Question: Using STDIN with BioPython's PDB methods
2
gravatar for jrj.healey
7 months ago by
jrj.healey12k
United Kingdom
jrj.healey12k wrote:

I'm writing some code to get sequences back from PDB files, wrapping the BioPython functionality.

Here's the code at the moment:

#!/usr/bin/env python
'''Convert a PDB file in to its representative sequence.'''

import argparse
import sys
import os

try:
    from Bio.PDB import *
    from Bio import SeqIO
except ImportError:
    sys.stderr.write('Could not import from the Bio module.
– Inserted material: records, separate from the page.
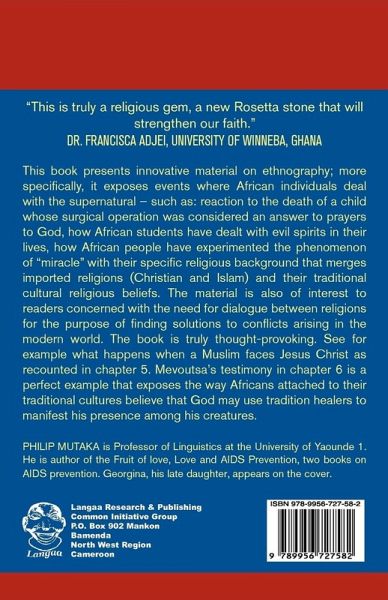 This book presents innovative material on ethnography; more specifically, it exposes events where African individuals deal with the supernatural - such as: reaction to the death of a child whose surgical operation was considered an answer to prayers to God, how African students have dealt with evil spirits in their lives, how African people have experimented the phenomenon of 'miracle' with their specific religious background that merges imported religions (Christian and Islam) and their traditional cultural religious beliefs. The material is also of interest to readers concerned with the need for dialogue between religions for the purpose of finding solutions to conflicts arising in the modern world. The book is truly thought-provoking. See for example what happens when a Muslim faces Jesus Christ as recounted in chapter 5. Mevoutsa's testimony in chapter 6 is a perfect example that exposes the way Africans attached to their traditional cultures believe that God may use tradition healers to manifest his presence among his creatures.
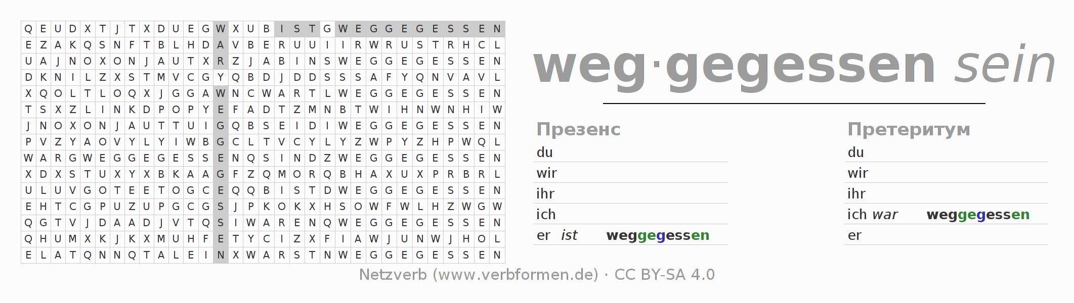 Рабочие материалы служат обучением спряжениям глагола wegessen на уроке и при самообучении. Рабочие материалы могут быть свободно использованы в рамках лицензии CC BY-SA 4.0 в виде Открытых образовательных ресурсов(ООР) например могут быть бесплатно использованы на уроке. Для этого имеется много различных типов рабочих материалов для глагола wegessen в наличии. Это таблицы спряжений, головоломки и игры. Весь учебный материал доступен бесплатно как файлы PDF, в виде изображений или как интерактивная версия браузера. В дополнение к задачам, имеются бесчисленные примеры для wegessen а также помощь в использовании глаголов.
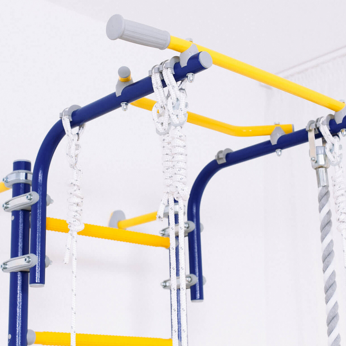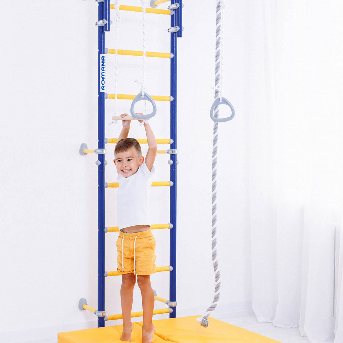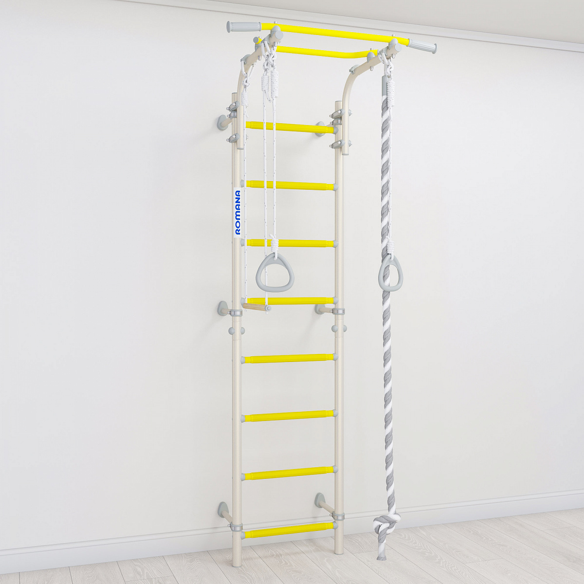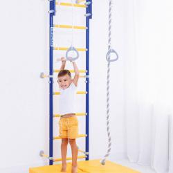 Детский спортивный комплекс ROMANA Next Top - настоящий хит в линейке шведских стенок. Он легко собирается и фиксируется к стене с помощью подвижных крепежей. Они позволяют зафиксировать стенку в различных положениях, включая угловое. Можно рационально расположить крепеж на той высоте, которая вас устроит, и избежать попадания в проводку или полости в стене. Одно из важных преимуществ этого ДСК - регулируемый турник, который фиксируется надежными хомутами. Его можно установить на лестнице на любую высоту. В зависимости от возраста ребенка, турник можно перевесить повыше или пониже. В комплексе ROMANA Next Top предусмотрены массажные ступени, которые хорошо развивают моторику и служат профилактикой плоскостопия. Также в комплекте идет навесное оборудование: кольца, трапеция и канат.
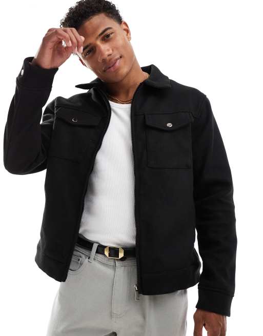Brave Soul faux wool full zip jacket in black
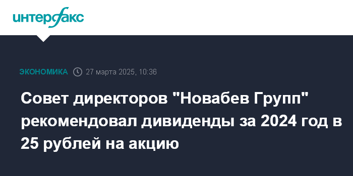Совет директоров "Новабев Групп" рекомендовал дивиденды за 2024 год в 25 рублей на акцию
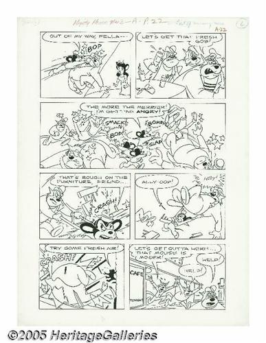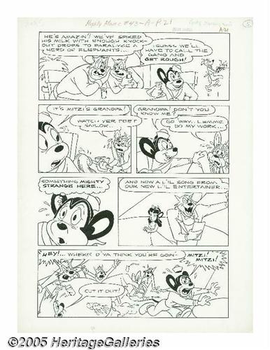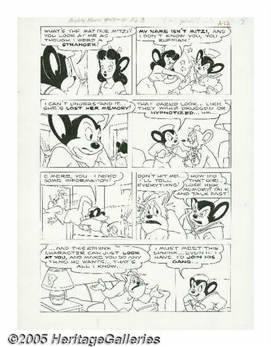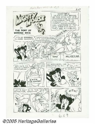 <B>Art Bartsch (attributed) - Mighty Mouse #43 Page Original Art, Group of 7 (St. John, 1953).</B></I> Mighty Mouse takes on a gang behind a wave of waterfront crime in these first seven pages from the incomplete story, "The Port of Missing Mice." The image area of each page is 12" x 18", and the art is in Excellent condition.
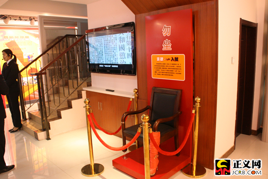 展區(qū)內的顯要位置擺放了一張代表酒色財氣組成的座椅,警示國家工作人員勿以貪欲濫用手中的權力。 張慶攝
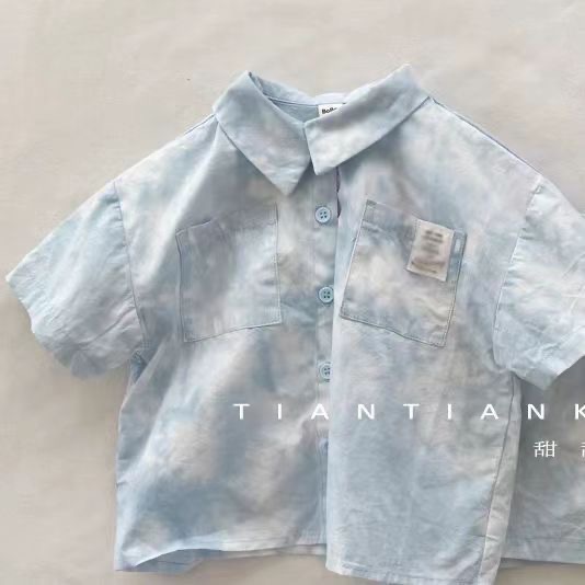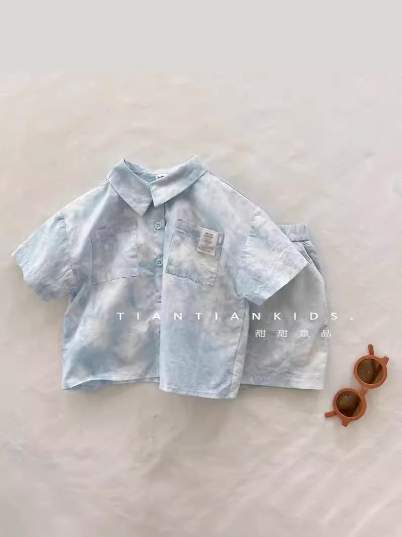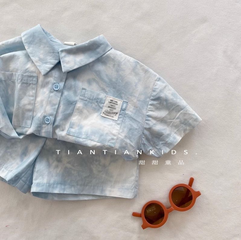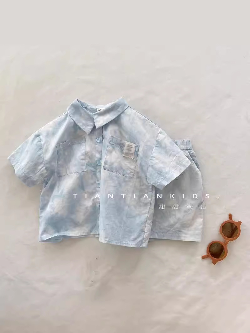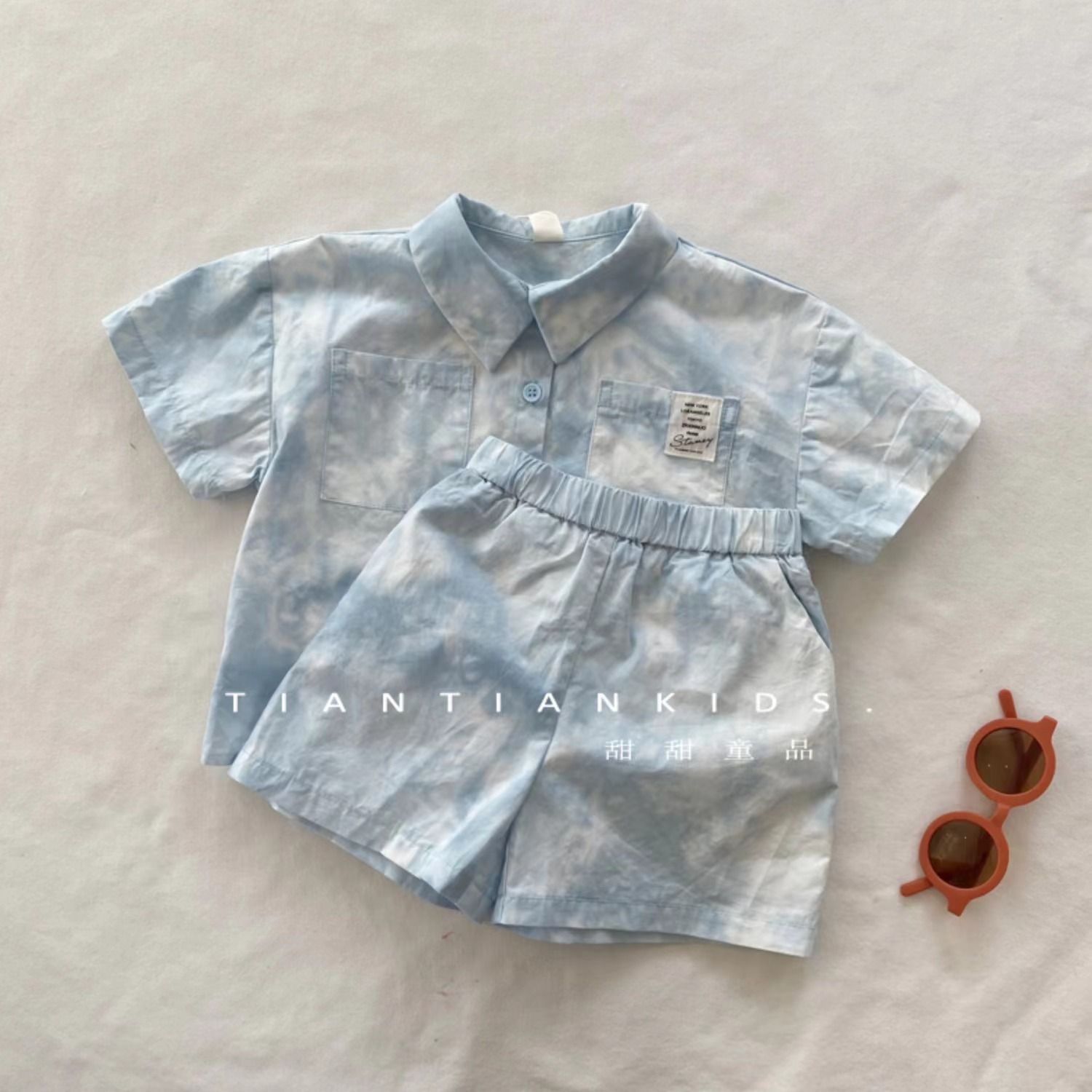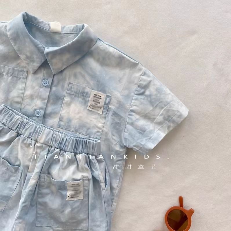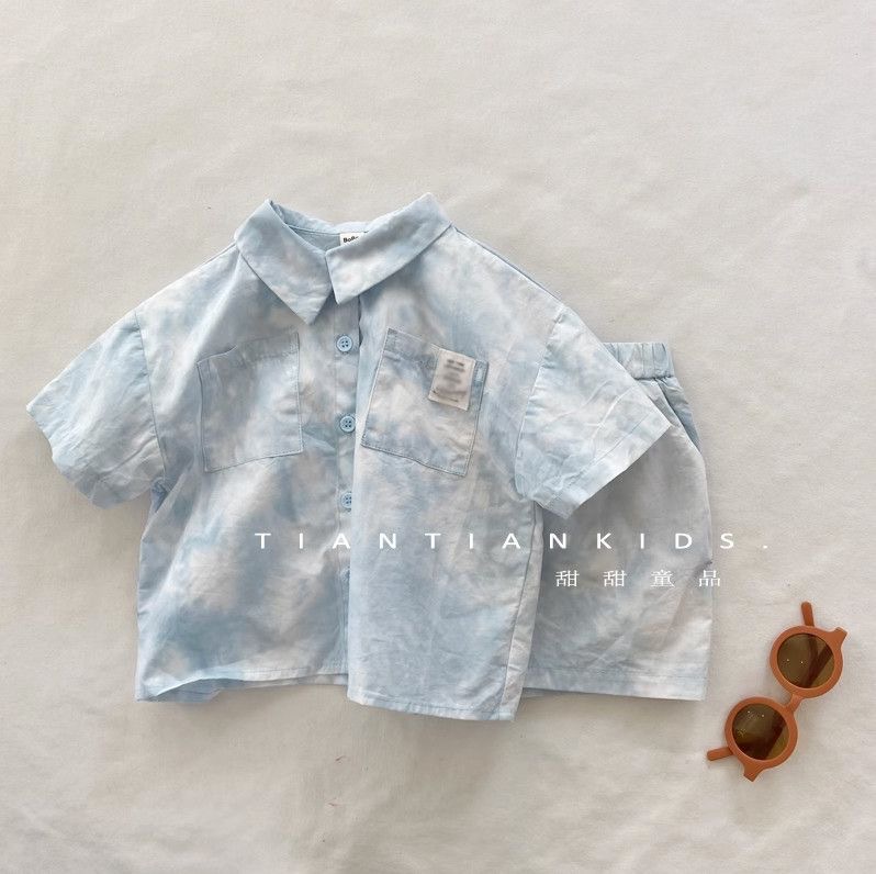 남학생 셔츠 여름 세트 새로운 한국 잘 생긴 유행 어린이 넥타이 염색 반팔 반바지 투피스 트렌디스토어 가기
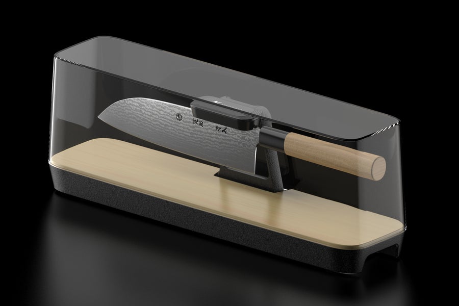 まるで宙に浮いているようなディスプレイの包丁フォルダ。
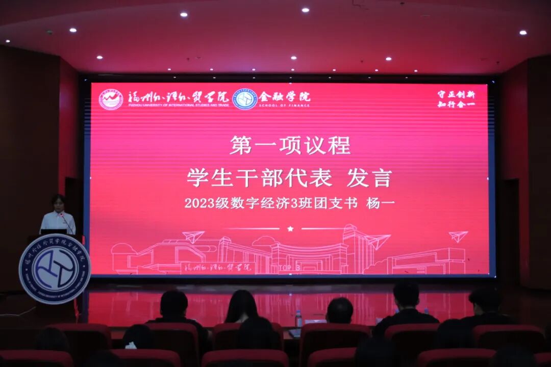 大会第一项议程,由2023级数字经济3班团支书杨一同学作为学生干部代表发言。杨同学表示,学生骨干应率先垂范,以身作则,充分发挥先锋模范作用,努力做好优秀模范榜样。她强调,要尽力带动全体同学以饱满的热情和扎实的行动投身评估工作,展现金融学子的良好风貌。
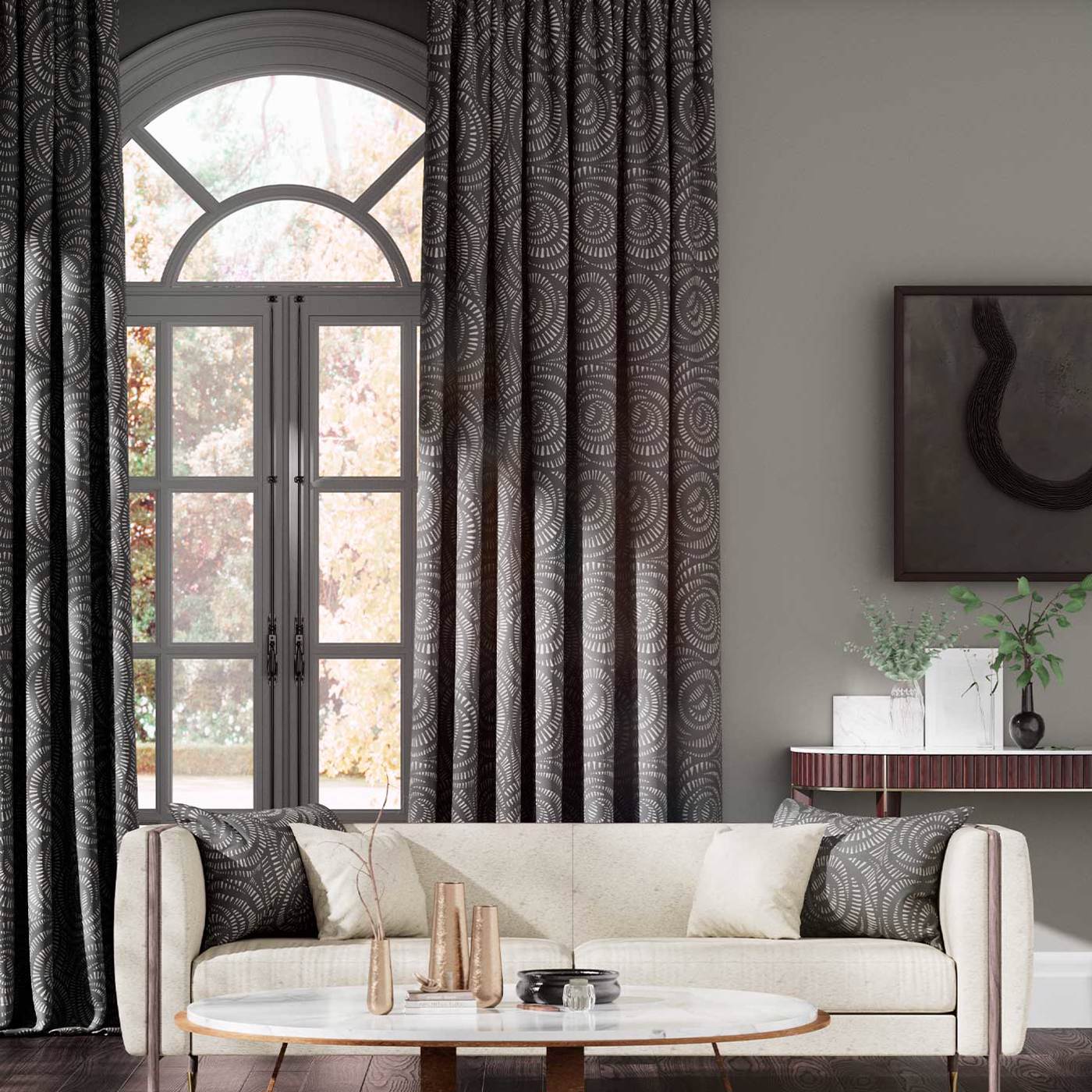 Tkanina s dramatickým vzorom vo forme špirály pripomínajúcej fosíliu je tkaná na štruktúrovanom podklade pre sofistikovaný finiš. Je vhodná na záclony a poťahy a je dostupná v atraktívnych farebných odtieňoch.

Try installing with `python -m pip install biopython`')
    sys.exit(1)


def get_args():
    """Parse command line arguments"""

    try:
        parser = argparse.ArgumentParser(
            description='Convert a PDB file to its representative sequence(s) via BioPython.')
        parser.add_argument('-i', '--input', action='store', default=sys.stdin,
                            help='Input PDB file (defaults from STDIN for pipes).')
        parser.add_argument('-o', '--output', action='store', default=sys.stdout,
                            help='Output sequence file (defaults to STDOUT for pipes).')
        if len(sys.argv) == 1:
            parser.print_help(sys.stderr)
            exit(1)
    except:
        sys.stderr.write("An exception occurred with argument parsing. Check your provided options.")

    return parser.parse_args()


def main():
    args = get_args()
    PDB, PPB = PDBParser(), PPBuilder()
    if args.input is sys.stdin:
        structure = PDB.get_structure("File from stdin", args.input)
    else:
        structure = PDB.get_structure(os.path.basename(args.input), args.input)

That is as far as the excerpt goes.